One-Year Individual Prediction of Mental Health Deterioration Using an Adaptive Learning Algorithm: A Multicenter Breast Cancer Prospective Study

Study population

The BOUNCE study was conducted in four European countries (Finland, Italy, Israel, and Portugal) to assess the psychosocial resilience of BC patients during the first 18 months after diagnosis by measuring It is intended to be evaluated as a function of academic and lifestyle. , and medical variables (disease and treatment related) (H2020 EU project BOUNCE GA no. 777167; see https://www.bounce-project.eu/ for more information). The study enrolled her 706 women between March 2018 and December 2019 according to the following criteria: Treatment of BC; (ii) Exclusions: history or active severe psychiatric disorder (major depression, bipolar disorder, psychosis), distant metastases, history or treatment of other malignancies within the last 5 years, 12 or more Other significant concomitant illness diagnosed within months, major surgery – severe illness or trauma within 4 weeks prior to study entry, or lack of complete recovery from the effects of surgery, pregnancy or breast-feeding. The BOUNCE study is a long-term observational study involving seven measured waves.Baseline (performed 2–5 weeks after surgery or biopsy; [M0], and then at 3-month intervals (M3, M6, M9, M12, M15, M12) with final follow-up measurements at M18. Data for each of the primary outcome variables were collected at all time points. Data from the remaining time points served secondary research goals throughout the project.

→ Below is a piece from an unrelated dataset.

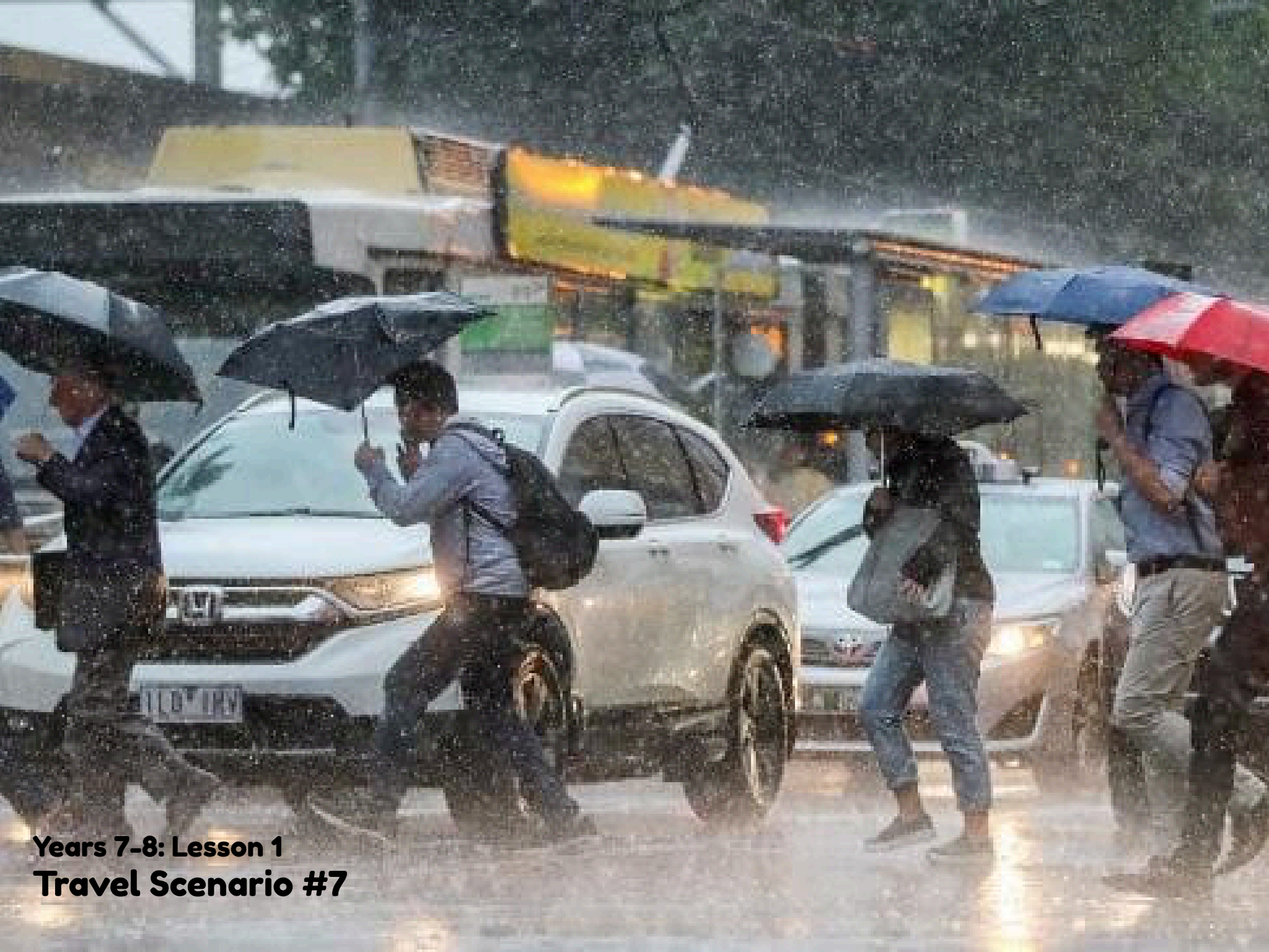
Years 7-8: Lesson 1 Travel Scenario #7

The entire BOUNCE study was approved by the Ethics Committee of the European Society of Oncology (approval number R868/18 – IEO 916) and the Ethics Committee of each participating clinical center. All participants were informed in detail about the purpose and procedure of the study and gave written informed consent. All methods were performed in accordance with relevant guidelines and regulations.

predictor

The current analysis considered socio-demographic, lifestyle and medical variables, and self-reported psychological characteristics registered at the time of BC diagnosis, even at the first follow-up assessment performed 3 months after diagnosis. Considered. The decision to pool predictive data from her first three months after diagnosis was guided by the following considerations. (b) This period defines a realistically short observation window for recording predictors of resilience in routine clinical practice, but not very long considering the 1-year study endpoint. (c) Previous studies have shown that psychological well-being usually occurs late in the disease course.

result variable

Self-reported mental health status at 12 months after diagnosis. Indexed by the 14-item Hospital Anxiety and Depression Scale (HADS) total score.¹⁶, served as the outcome variable in the current analysis (see Supplementary Information). A broad-language, clinically validated 16/42-point cut-off score was used to identify patients who reported potentially clinically significant symptoms at M0 and M12^17,18Patients were then assigned to two classes. Valid cut-offs for the HADS total score (mental health worsening group) and (b) those who reported mild symptoms throughout the year after diagnosis (mental health stable group). Thus, the worse mental health group consisted of those who scored less than 16 points on M0 and 16 points or more on M12, and the stable mental health group consisted of M0, M3, M6, M9 , and those who scored less than 16 points at the M12 assessment. point.

data analysis

The analytical pipeline employed to address the primary and secondary objectives of the study included preprocessing steps, feature selection, model training and testing.¹⁹Model 1 was designed to optimize the prediction of adverse mental health effects over a one-year period considering all available variables collected in M0 and M3, including HADS anxiety, HADS depression and global QoL. it was done. Model 2 was designed to obtain a personalized risk profile and focus on potentially modifiable factors (his HADS anxiety, HADS depression, and global QoL measured by M0 and M3). by omitting ). Feature selection using a random forest algorithm was incorporated into the ML-based pipeline along with the classification algorithm to select only relevant features for final model training and testing (see Supplementary Information). Area under the receiver operating characteristic curve (ROC AUC) is used to estimate the metrics for specificity, sensitivity, accuracy, precision, F-measure, and AUC of cross-validated models on the test set. evaluated performance.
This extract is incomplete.